The local-deploy command will give instructions on how to start a MySQL and Cromwell server. Leave the server running in a terminal and open another to submit the jobs as described in the section Run workflows.

Setup to run in High performance computing (HPC) with Caper

What we like about Caper: do not require MySQL to Call Cache; adaptability to different systems; provide easy way to edit backend in case of HPC specificity; easy to use.

Install Caper with pip:

module load GCCcore/12.2.0 Python/3.10.8  # Libraries required for using pip in my specific HPC (search the ones in yours)
module load Java/17.0.2 # Java will also be required to run Caper
pip install --target=/scratch/user/chtaniguti/caper caper  # I didn't install it in the home directory because I have limited space/number of files there
export PATH=$PATH:/scratch/user/chtaniguti/caper/bin/ # You can add this line to the .bashrc file usually located in the home directory to avoid the need of running it every time you connect

Caper has many options for configurations depending on your system. Here, we show how to run in an HPC with slurm management system and singularity containers. Please, check Caper documentation for other options.

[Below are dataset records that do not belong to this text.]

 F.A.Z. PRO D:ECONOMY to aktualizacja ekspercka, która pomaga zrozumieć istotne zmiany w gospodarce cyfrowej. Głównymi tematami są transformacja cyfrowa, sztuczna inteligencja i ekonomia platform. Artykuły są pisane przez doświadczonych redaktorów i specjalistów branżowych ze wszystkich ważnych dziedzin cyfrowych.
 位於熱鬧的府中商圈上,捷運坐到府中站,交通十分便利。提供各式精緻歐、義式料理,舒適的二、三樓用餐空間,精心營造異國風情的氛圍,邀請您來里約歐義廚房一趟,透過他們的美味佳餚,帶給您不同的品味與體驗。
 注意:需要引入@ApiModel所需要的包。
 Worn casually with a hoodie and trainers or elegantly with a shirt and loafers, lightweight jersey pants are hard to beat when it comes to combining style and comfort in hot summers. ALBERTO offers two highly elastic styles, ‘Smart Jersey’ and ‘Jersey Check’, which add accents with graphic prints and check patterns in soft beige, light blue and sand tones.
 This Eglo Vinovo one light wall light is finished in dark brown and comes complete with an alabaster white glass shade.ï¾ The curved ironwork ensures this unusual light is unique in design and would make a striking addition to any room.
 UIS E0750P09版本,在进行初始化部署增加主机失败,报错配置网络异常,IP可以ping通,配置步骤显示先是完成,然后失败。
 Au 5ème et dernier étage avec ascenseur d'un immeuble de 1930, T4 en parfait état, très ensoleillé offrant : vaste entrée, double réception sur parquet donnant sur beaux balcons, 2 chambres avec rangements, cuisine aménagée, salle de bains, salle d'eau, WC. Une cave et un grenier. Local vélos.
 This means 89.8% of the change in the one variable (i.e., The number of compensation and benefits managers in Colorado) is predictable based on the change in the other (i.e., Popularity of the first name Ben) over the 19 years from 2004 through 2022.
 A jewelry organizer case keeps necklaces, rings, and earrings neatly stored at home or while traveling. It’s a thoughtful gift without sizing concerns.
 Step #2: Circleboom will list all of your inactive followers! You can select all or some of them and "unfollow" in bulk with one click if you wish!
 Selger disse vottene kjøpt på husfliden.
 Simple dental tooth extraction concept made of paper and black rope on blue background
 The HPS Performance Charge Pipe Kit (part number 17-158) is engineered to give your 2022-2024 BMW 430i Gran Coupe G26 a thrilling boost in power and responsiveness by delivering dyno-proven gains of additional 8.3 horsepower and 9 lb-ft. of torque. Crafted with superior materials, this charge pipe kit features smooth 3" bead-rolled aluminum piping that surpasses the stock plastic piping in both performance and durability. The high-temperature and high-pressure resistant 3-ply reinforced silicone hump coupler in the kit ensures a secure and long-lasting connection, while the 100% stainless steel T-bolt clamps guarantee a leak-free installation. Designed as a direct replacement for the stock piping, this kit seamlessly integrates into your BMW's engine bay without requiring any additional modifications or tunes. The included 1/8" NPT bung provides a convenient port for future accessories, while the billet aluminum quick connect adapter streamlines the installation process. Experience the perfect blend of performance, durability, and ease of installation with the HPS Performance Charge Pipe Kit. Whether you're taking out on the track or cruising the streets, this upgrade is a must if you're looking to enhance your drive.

# Create a default.conf in my home directory
caper init slurm 

As I said before, I don’t have much space in my home directory, so I opened the default.conf file and changed the local-loc-dir. I also changed the resources for the leader job, reducing the default time and memory because we are running just a subset in this tutorial. Check here other options of configuration in default.conf.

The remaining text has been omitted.